● PROBLEM STATEMENT: The expected answer is the set of lines in the data below between the line holding "Artiste, auteur et" and the line holding "SC/T 9104-2011 渔业水域中甲胺磷、克百威的测定 气相色谱法", inclusive, written out exactly.

● DATA FOR ANALYSIS:
┌────────

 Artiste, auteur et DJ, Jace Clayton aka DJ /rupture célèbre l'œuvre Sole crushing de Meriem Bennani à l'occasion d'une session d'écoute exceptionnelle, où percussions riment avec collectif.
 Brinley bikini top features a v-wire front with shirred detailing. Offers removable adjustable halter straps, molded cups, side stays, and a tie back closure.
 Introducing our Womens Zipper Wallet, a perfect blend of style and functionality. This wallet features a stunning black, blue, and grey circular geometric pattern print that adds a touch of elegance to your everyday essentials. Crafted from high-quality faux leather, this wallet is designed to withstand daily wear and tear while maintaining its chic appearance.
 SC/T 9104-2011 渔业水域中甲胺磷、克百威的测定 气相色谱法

└────────
┌────────

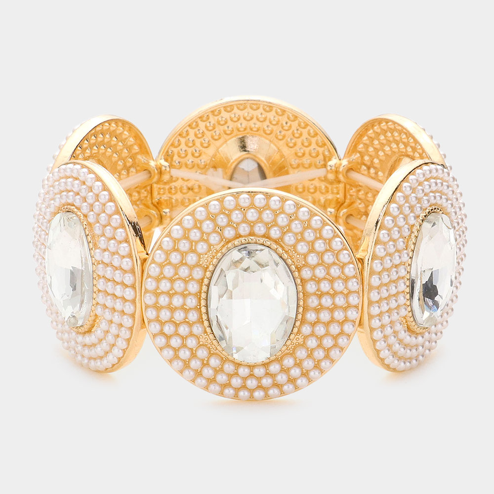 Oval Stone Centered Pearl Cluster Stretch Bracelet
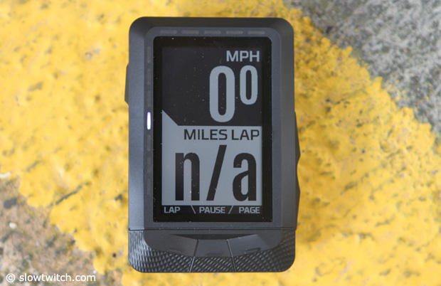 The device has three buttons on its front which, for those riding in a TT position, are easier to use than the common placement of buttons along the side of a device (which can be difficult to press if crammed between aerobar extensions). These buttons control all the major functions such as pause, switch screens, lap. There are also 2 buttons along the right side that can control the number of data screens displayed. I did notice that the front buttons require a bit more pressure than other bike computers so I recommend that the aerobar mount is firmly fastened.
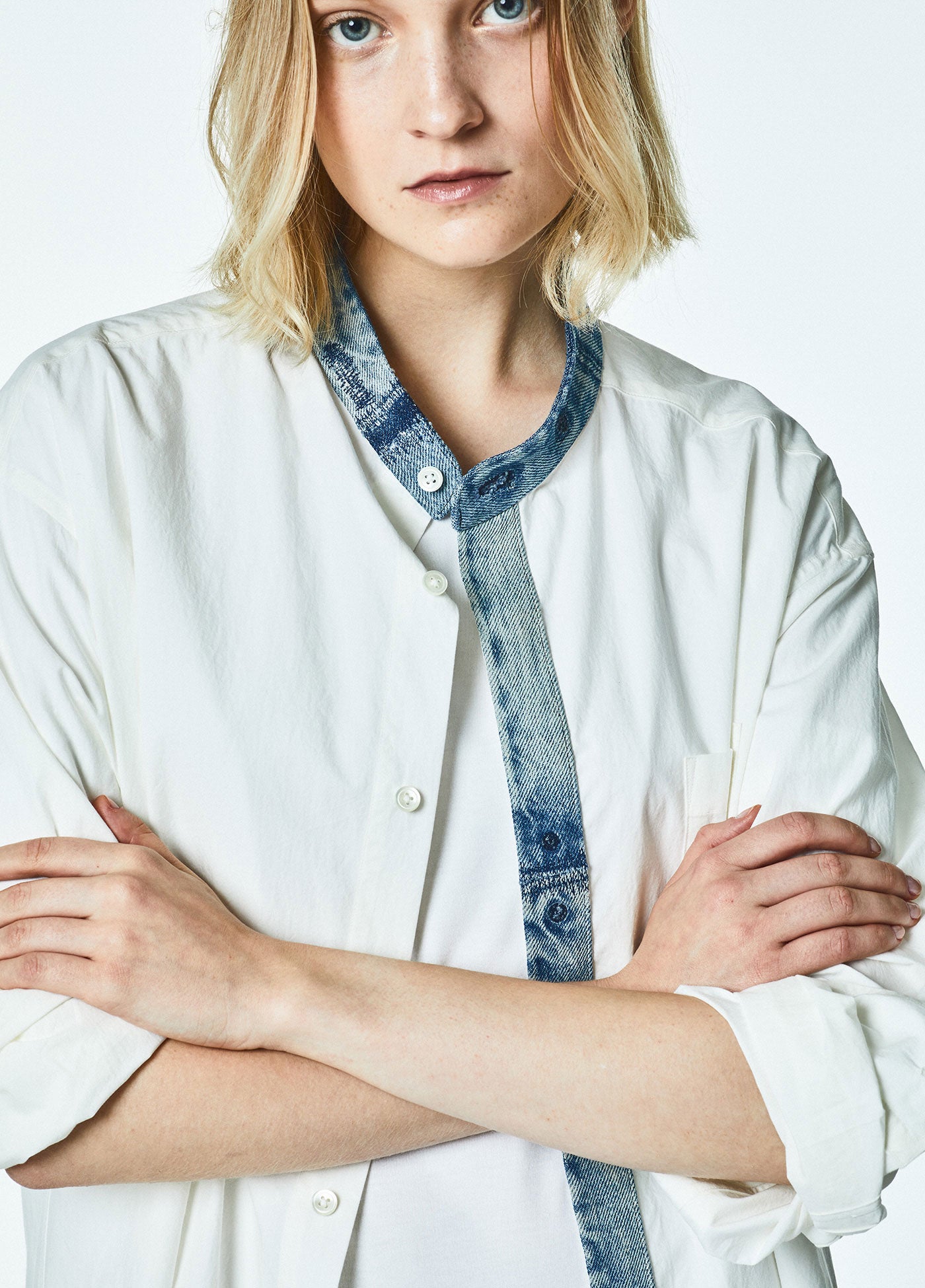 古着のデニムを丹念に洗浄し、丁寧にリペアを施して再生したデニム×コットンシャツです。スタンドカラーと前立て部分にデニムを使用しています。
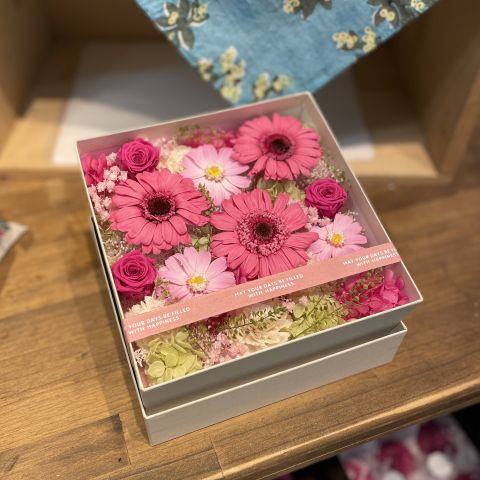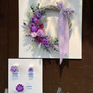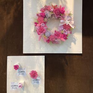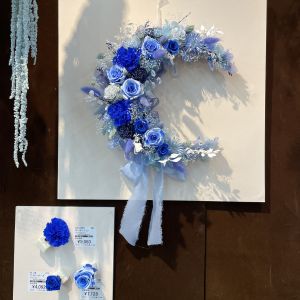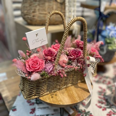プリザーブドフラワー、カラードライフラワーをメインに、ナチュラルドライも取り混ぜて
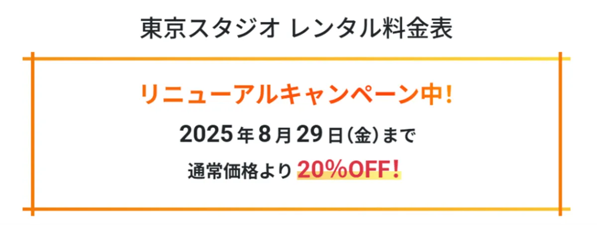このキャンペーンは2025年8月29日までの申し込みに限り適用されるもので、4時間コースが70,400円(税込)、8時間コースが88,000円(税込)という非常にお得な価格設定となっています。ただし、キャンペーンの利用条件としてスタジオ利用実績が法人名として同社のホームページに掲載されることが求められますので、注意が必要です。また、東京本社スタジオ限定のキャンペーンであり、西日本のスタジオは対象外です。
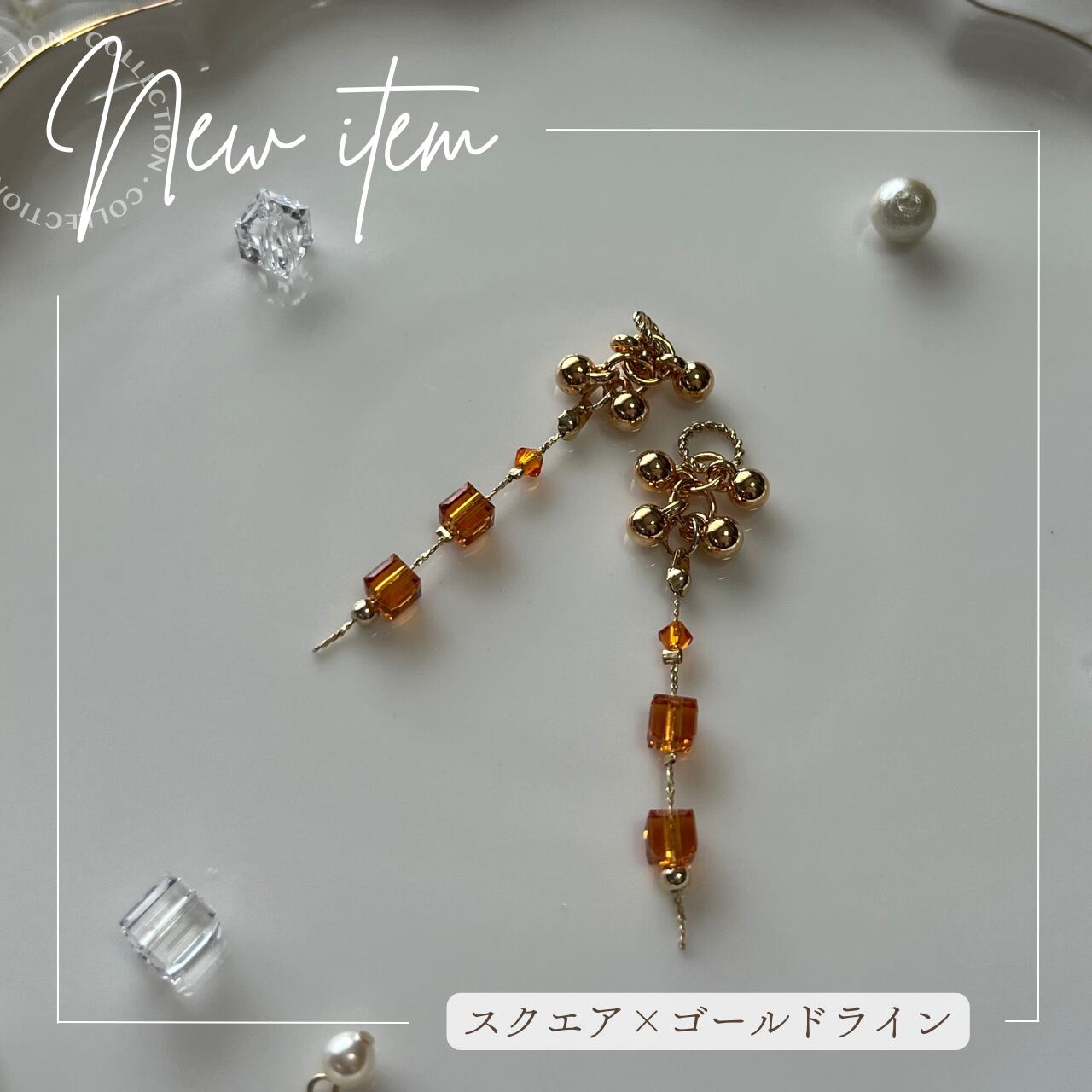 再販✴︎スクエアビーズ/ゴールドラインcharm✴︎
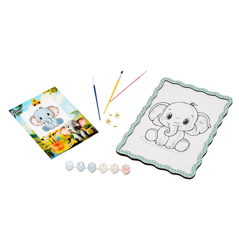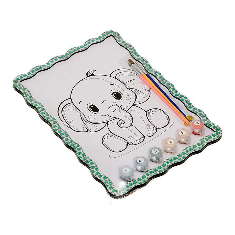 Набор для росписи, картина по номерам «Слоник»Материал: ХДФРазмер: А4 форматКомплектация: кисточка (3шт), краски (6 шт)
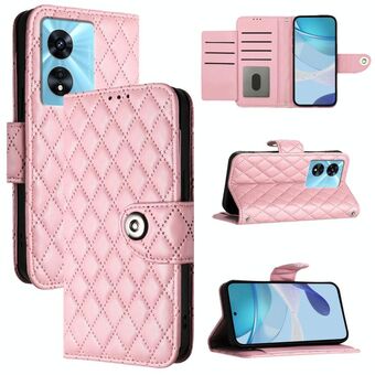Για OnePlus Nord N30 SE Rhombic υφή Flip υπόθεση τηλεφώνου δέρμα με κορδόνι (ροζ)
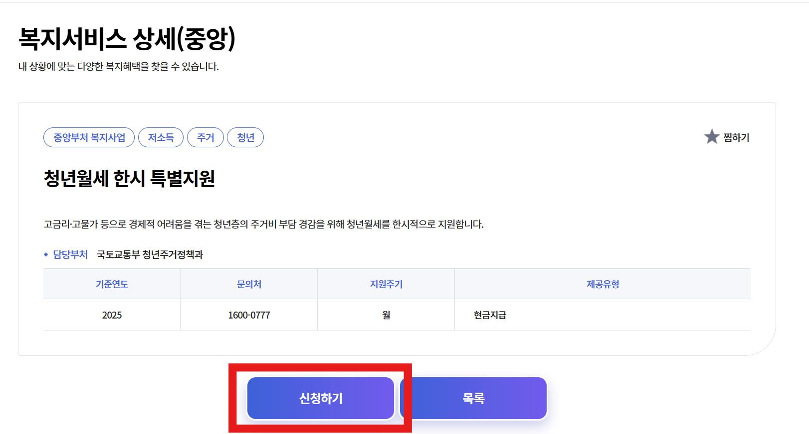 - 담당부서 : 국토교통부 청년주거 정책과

└────────

● RESPONSE TO THIS TASK:
 Artiste, auteur et DJ, Jace Clayton aka DJ /rupture célèbre l'œuvre Sole crushing de Meriem Bennani à l'occasion d'une session d'écoute exceptionnelle, où percussions riment avec collectif.
 Brinley bikini top features a v-wire front with shirred detailing. Offers removable adjustable halter straps, molded cups, side stays, and a tie back closure.
 Introducing our Womens Zipper Wallet, a perfect blend of style and functionality. This wallet features a stunning black, blue, and grey circular geometric pattern print that adds a touch of elegance to your everyday essentials. Crafted from high-quality faux leather, this wallet is designed to withstand daily wear and tear while maintaining its chic appearance.
 SC/T 9104-2011 渔业水域中甲胺磷、克百威的测定 气相色谱法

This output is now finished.